Die Dunkelziffer bei diesen Fällen ist sicher sehr hoch.
Marco Feit, Vorstandsprecher Volksbank Bühl

Die Volksbank Bühl engagiert sich in besonderer Weise. Vorstandssprecher Marco Feit tut das ganz bewusst. Die Initiative ging dabei nicht nur von der Polizei, sondern auch vom Kehler Verein Courage aus.
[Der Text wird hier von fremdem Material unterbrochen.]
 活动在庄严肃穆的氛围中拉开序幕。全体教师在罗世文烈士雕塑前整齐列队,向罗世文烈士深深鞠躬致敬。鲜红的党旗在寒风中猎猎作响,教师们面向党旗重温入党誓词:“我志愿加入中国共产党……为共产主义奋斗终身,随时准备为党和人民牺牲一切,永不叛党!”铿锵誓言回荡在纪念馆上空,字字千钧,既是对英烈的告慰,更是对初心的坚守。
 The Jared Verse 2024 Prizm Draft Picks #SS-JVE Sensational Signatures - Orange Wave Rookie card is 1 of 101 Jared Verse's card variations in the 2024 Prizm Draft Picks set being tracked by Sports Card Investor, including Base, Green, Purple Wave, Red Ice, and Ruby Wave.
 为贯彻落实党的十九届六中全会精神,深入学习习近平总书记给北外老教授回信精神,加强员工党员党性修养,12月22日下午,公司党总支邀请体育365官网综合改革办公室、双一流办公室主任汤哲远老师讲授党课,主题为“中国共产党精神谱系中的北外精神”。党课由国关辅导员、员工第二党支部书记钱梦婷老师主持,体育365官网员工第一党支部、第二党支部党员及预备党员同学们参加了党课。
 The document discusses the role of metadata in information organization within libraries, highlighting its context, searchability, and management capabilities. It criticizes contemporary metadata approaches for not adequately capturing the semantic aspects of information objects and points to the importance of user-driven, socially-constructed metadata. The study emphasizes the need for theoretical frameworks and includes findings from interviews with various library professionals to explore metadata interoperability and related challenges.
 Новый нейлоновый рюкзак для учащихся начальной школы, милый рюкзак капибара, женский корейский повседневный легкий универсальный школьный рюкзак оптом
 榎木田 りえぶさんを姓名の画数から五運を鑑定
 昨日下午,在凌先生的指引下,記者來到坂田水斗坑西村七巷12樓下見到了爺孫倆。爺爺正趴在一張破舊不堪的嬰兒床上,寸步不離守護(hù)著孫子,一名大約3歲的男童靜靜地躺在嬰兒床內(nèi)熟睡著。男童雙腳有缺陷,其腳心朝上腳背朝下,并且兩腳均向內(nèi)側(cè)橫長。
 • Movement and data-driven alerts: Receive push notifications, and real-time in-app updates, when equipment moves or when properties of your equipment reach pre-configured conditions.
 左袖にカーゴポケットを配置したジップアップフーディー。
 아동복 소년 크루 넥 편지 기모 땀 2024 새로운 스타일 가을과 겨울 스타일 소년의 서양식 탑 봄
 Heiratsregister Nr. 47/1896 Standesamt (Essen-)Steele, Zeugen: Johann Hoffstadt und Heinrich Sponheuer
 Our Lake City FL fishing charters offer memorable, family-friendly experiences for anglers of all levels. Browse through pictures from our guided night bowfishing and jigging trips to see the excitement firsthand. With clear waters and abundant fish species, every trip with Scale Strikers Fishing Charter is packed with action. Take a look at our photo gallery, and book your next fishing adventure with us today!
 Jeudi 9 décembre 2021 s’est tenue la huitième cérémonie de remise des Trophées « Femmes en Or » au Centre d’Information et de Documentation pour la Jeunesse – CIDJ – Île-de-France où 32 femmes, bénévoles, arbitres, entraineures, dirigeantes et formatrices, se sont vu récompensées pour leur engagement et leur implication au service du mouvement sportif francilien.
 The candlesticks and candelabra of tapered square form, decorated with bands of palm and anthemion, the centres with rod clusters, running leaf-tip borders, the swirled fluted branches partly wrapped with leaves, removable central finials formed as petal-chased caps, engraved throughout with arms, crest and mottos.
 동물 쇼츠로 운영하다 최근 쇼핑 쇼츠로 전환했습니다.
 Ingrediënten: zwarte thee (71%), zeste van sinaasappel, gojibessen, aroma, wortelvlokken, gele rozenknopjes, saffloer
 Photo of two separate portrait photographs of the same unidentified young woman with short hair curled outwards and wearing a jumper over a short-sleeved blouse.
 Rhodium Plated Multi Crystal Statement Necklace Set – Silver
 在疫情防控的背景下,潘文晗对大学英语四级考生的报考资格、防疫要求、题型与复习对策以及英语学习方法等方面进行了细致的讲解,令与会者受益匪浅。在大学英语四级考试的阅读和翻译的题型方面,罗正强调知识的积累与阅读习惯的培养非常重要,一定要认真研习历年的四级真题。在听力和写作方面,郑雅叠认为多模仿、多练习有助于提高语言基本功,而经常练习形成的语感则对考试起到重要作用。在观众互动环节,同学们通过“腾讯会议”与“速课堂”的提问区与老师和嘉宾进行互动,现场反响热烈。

Alle drei wollen gemeinsam ältere Menschen gegen die Anrufe der Trickbetrüger sensibilisieren.

„Die Dunkelziffer bei diesen Fällen ist sicher sehr hoch“, befürchtet Veit. „Als regionale Bank kennen wir unsere Kunden.“ Wer bei der Volksbank Bühl größere Bargeldbeträge ab etwa einem mittleren vierstelligen Betrag vom Konto abheben will, erhält ab sofort die Scheine nach Auskunft des Vorstandschefs in einem speziellen Briefumschlag, auf dem vor Betrügern gewarnt wird.

Die Mitarbeiter wurden außerdem sensibilisiert, Kunden anzusprechen. „Wir stehen in einer gesellschaftlichen Verantwortung“, meint Feit, dessen über 90jährige Großmutter bereits einen Anruf von Gaunern erhielt. „Perfide“, nennt der Banker das. Bei seiner Oma waren die Verbrecher glücklicherweise nicht erfolgreich.